• [Your objective]
Emit the data below verbatim, stripping out any pictures.

• [Raw data]

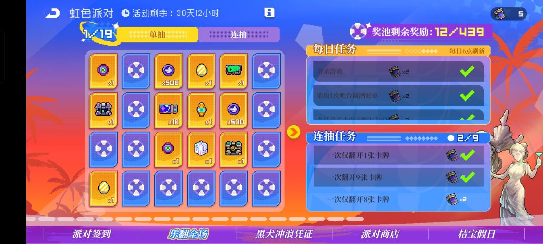 白嫖(不消费太阳石)最多可获取150派对礼券,其中100来源于乐翻全场,50来源于10天签到白嫖
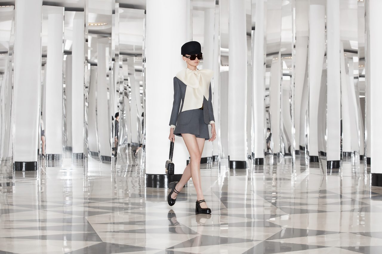 CELINE のクリエイティブ・ディレクター Hedi Slimane (エディ・スリマン) は2024年ウィンターコレクションで、ブランドの歴史にモダンなアプローチで息を吹き込んだ。メゾンの創業者である Celine Vipiana (セリーヌ・ヴィピアナ) が、パリの凱旋門を囲む鎖の輪から着想を得てデザインしたというモノグラムを、現代的に再解釈した新たなシグネチャーロゴ「トリオンフ」が今回のコレクションにも登場。エディ・スリマンの手によって生まれた「トリオンフ」がバッグや帽子に配され、ブランドのエンブレムとして強い存在感を放つ。また、1960年代を振り返り新たに制作されたのは、2ピースのセットアップ。そこにメゾンのベースボールキャップを’60年代風にアレンジしたキャップを合わせることで、クラシックなスタイルに磨きをかけた。
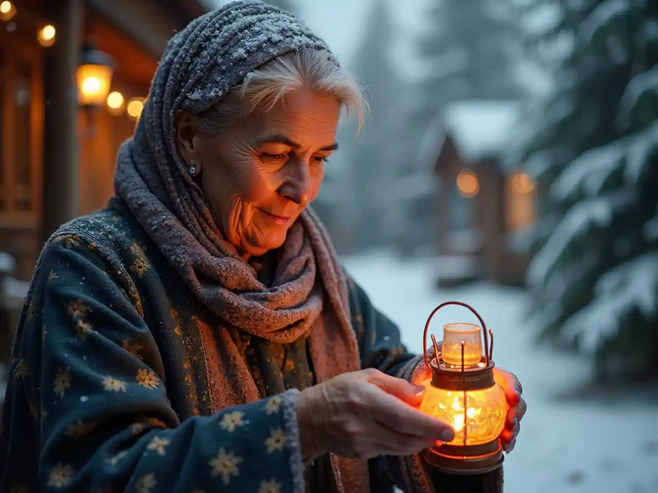 Mwanamke mmoja mwenye umri wa miaka 74 kutoka Mashariki ya Kati akiwa na shati, anafanya taa katika kijiji kilicho na theluji. Nuru zenye kung'aa na mialoni yenye baridi kali humweka katika mazingira yenye joto na yenye kupendeza. Mikono yake inaangaza kwa uangalifu.

• [Exercise solution]
 白嫖(不消费太阳石)最多可获取150派对礼券,其中100来源于乐翻全场,50来源于10天签到白嫖
 CELINE のクリエイティブ・ディレクター Hedi Slimane (エディ・スリマン) は2024年ウィンターコレクションで、ブランドの歴史にモダンなアプローチで息を吹き込んだ。メゾンの創業者である Celine Vipiana (セリーヌ・ヴィピアナ) が、パリの凱旋門を囲む鎖の輪から着想を得てデザインしたというモノグラムを、現代的に再解釈した新たなシグネチャーロゴ「トリオンフ」が今回のコレクションにも登場。エディ・スリマンの手によって生まれた「トリオンフ」がバッグや帽子に配され、ブランドのエンブレムとして強い存在感を放つ。また、1960年代を振り返り新たに制作されたのは、2ピースのセットアップ。そこにメゾンのベースボールキャップを’60年代風にアレンジしたキャップを合わせることで、クラシックなスタイルに磨きをかけた。
 Mwanamke mmoja mwenye umri wa miaka 74 kutoka Mashariki ya Kati akiwa na shati, anafanya taa katika kijiji kilicho na theluji. Nuru zenye kung'aa na mialoni yenye baridi kali humweka katika mazingira yenye joto na yenye kupendeza. Mikono yake inaangaza kwa uangalifu.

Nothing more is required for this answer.